Here, I'm free to take my chances in a turn-of-the century French lift, which creaks as it scrapes against the shaft. I can
smoke an apple-flavored shisha without busybodies warning darkly of impending lung cancer. And I never have to worry about queuing up for the January sales, late commuter trains, or finding a gap in the
clouds to bronze my pale bits.
Neither do I get dragged into heated discussions concerning the antics of "past their sell-by date" celebrities on Big
Brother, or American entrepreneurs and Russian oligarchs shopping for soccer teams.
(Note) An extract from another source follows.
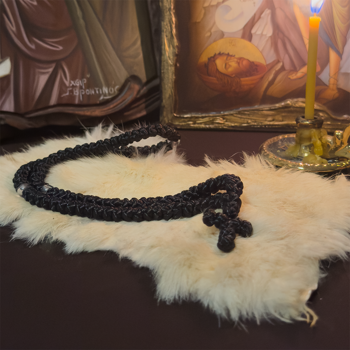 Jeder Knoten steht für ein gesprochenes Gebet – nicht als mechanisches Zählwerk, sondern als Hilfe zur Sammlung und inneren Konzentration. Das Komboskini unterstützt dabei, das Gebet bewusst zu strukturieren und in den Alltag einzubinden.
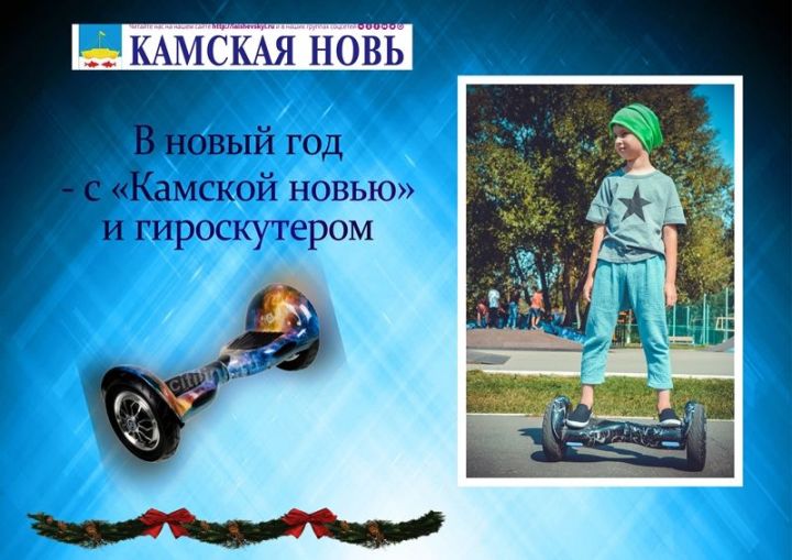 Редакция газеты «Камская новь» проводит акцию «В новый год – с «Камской новью» и гироскутером». Каждый, кто выпишет наше издание на первое полугодие 2022 года, может стать участником розыгрыша гироскутера и других призов.

Despite my shrunken, wine-gum hued passport and my penchant for places afar, I'm still a proud Briton. Bring on the
revolution, get rid of bossy Blair and Blunkett along with the rest of the Whitehall nannies, and have soapbox will travel Hyde Park Corner here I come. That's if it still even exists by the time I get
there.
What's that you say? I can almost hear my compatriots thinking "Good riddance you spoilt old relic of a bygone age. We don't
want you!" Don't worry darlings, the feeling is entirely mutual! I prefer to make my own corner of a foreign land forever England, and I guess I'll just have to manage my salmon and cucumber sandwiches
and cream scones without the dentures.